Assalamu’alaikum warahmatullahi wabarakatuh.
Apa kabar temen-temen? Semoga kita selalu diberikan taufiq oleh Allah untuk selalu memperbaharuhi taubat kita setiap hari, amin.
TAUBAT
Taubat berarti kembali. Berasal dari kata taba-yatubu-taubatan. Orang yang kembali disebut taib dan kembalinya berulang-ulang dan terus-menerus disebut tawwab.

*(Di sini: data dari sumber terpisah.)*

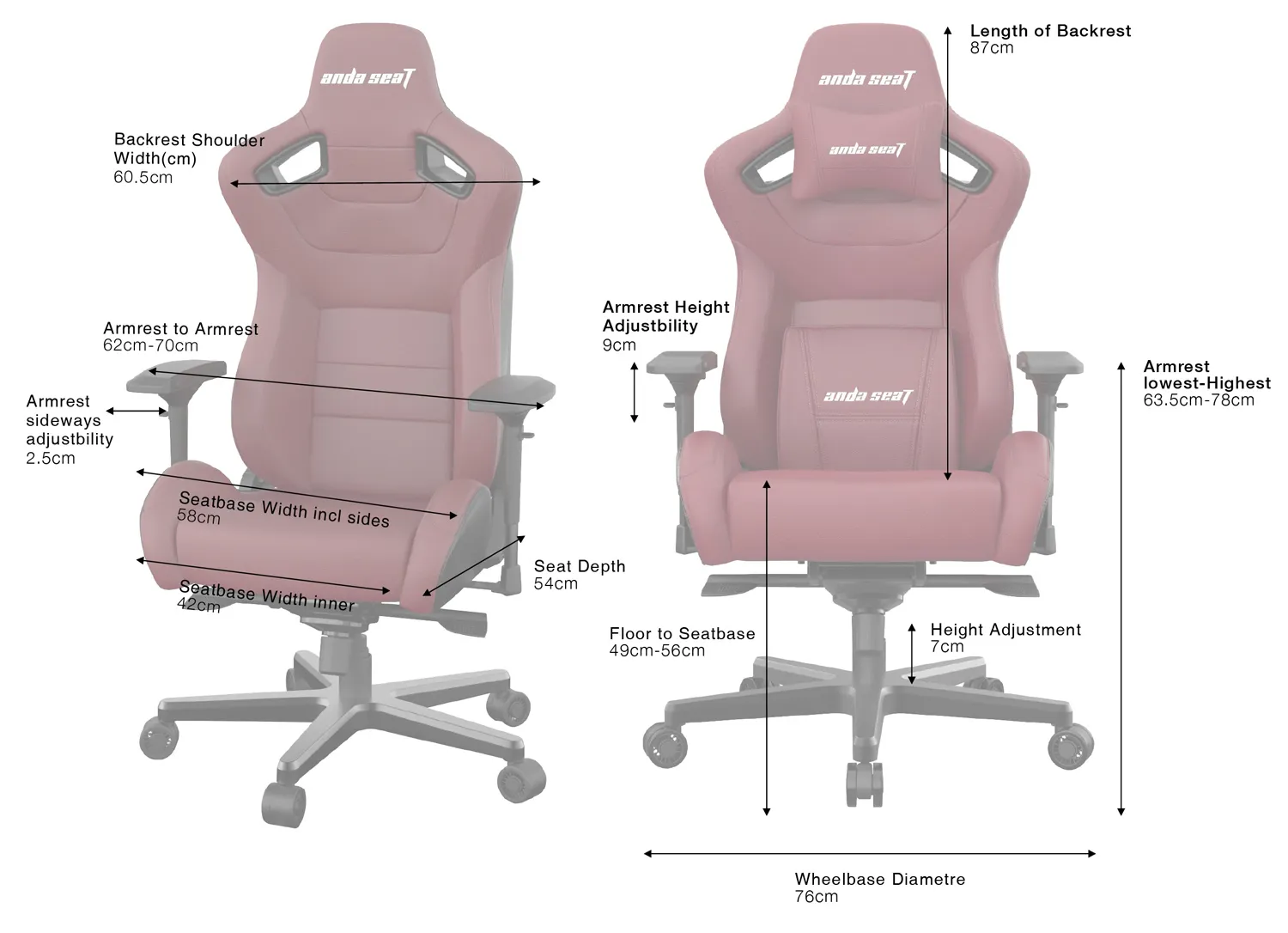 Anda Seat 5-Star Aluminum base was designed and built to provide impressive stableness and durability, every aluminum wheelbase is not just perfectly balanced but reinforced with ribs and gussets.
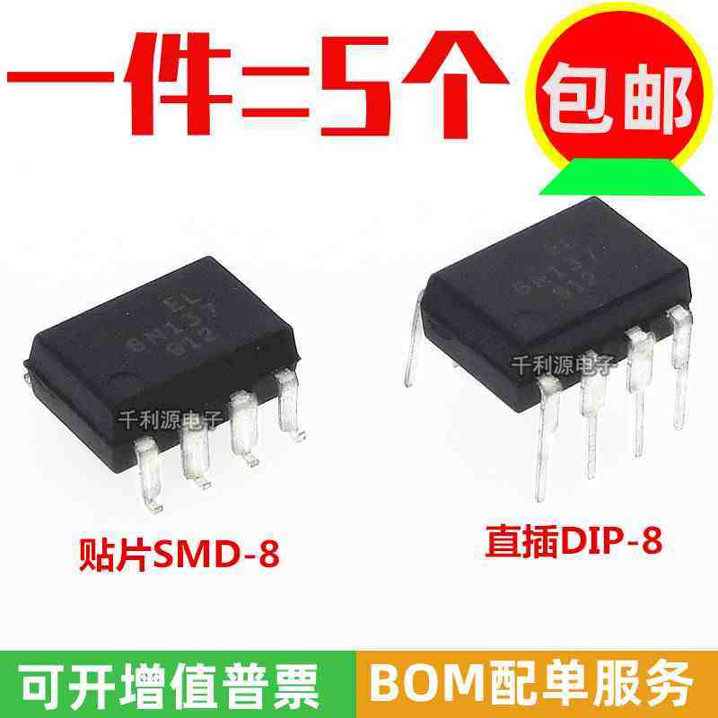 全新包邮5只 6N137 EL6N137 A6N137 直插/贴片高速光耦DIP/SOP-8

Dalam kitab Manajil Al-Sairin dinyatakan bahwa, dalam perjalanan menuju Allah Subhanahu wata’ala, taubat adalah maqam atau tingkatan kedua dan inabah adalah maqam keempat. Maqam pertama adalah yaqzhah atau kesadaran. Dalam yaqzhah itu, kita tiba-tiba disadarkan oleh Allah Subhanahu wata’ala akan keburukan-keburukan yang pernah kita lakukan, akan penyia-nyiaan waktu kita selama ini, dan kejatuhan kita dari Allah Subhanahu wata’ala. Bisa jadi kita disadarkan dengan satu kejadian yang menimpa hidup kita. Bisa juga kita disadarkan oleh nasehat orang lain. Allah mempunyai berbagai cara untuk menyadarkan. Bahkan menurut Al-qur’an orang lebih banyak disadarkan oleh musibah.

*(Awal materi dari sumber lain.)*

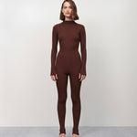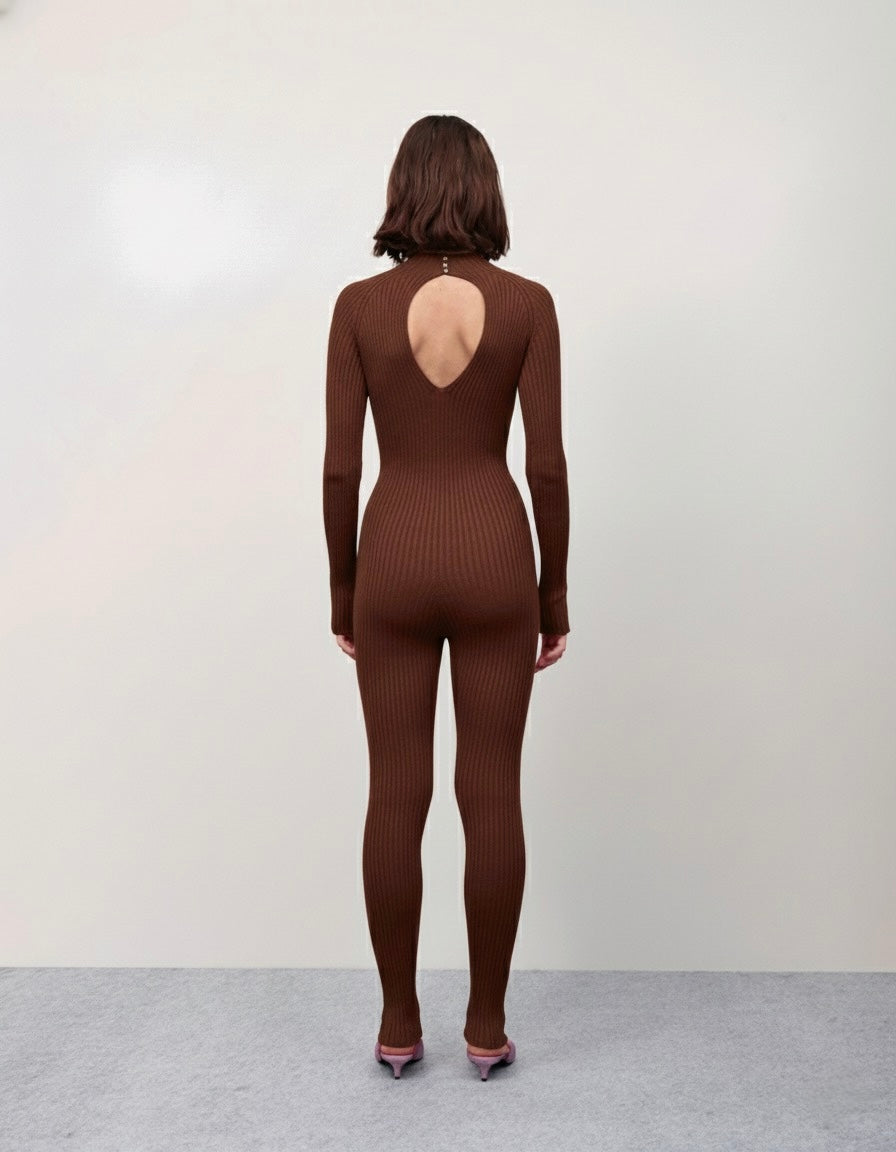 O macacão canelado é versátil e elegante. Ideal para criar sobreposições com casacos volumosos, a peça-desejo da temporada tem um charmoso decote redondo nas costas e gola chaminé. Sexy e elegante na medida certa.

Menurut islam, kita semua memiliki fitrah kesucian, yaitu keinginan kita untuk kembali kepada Allah Subhanahu wata’ala. Keinginan itu berada jauh di lubuk hati kita. Allah tempatkan dalam hati kita sebuah lampu; dan itu adalah fitrah yang sering kali tertutup. Al-qur’an menggambarkannya seperti misykat; Allahu nurus samawati wal ardh, matsalu nurihi kamiskatin fiha misbah”; perumpamaan cahaya Allah itu seperti misykat (QS. An-Nur:35). Misykat dalam bahasa arab, adalah sebuah tempat seperti mangkuk terbalik.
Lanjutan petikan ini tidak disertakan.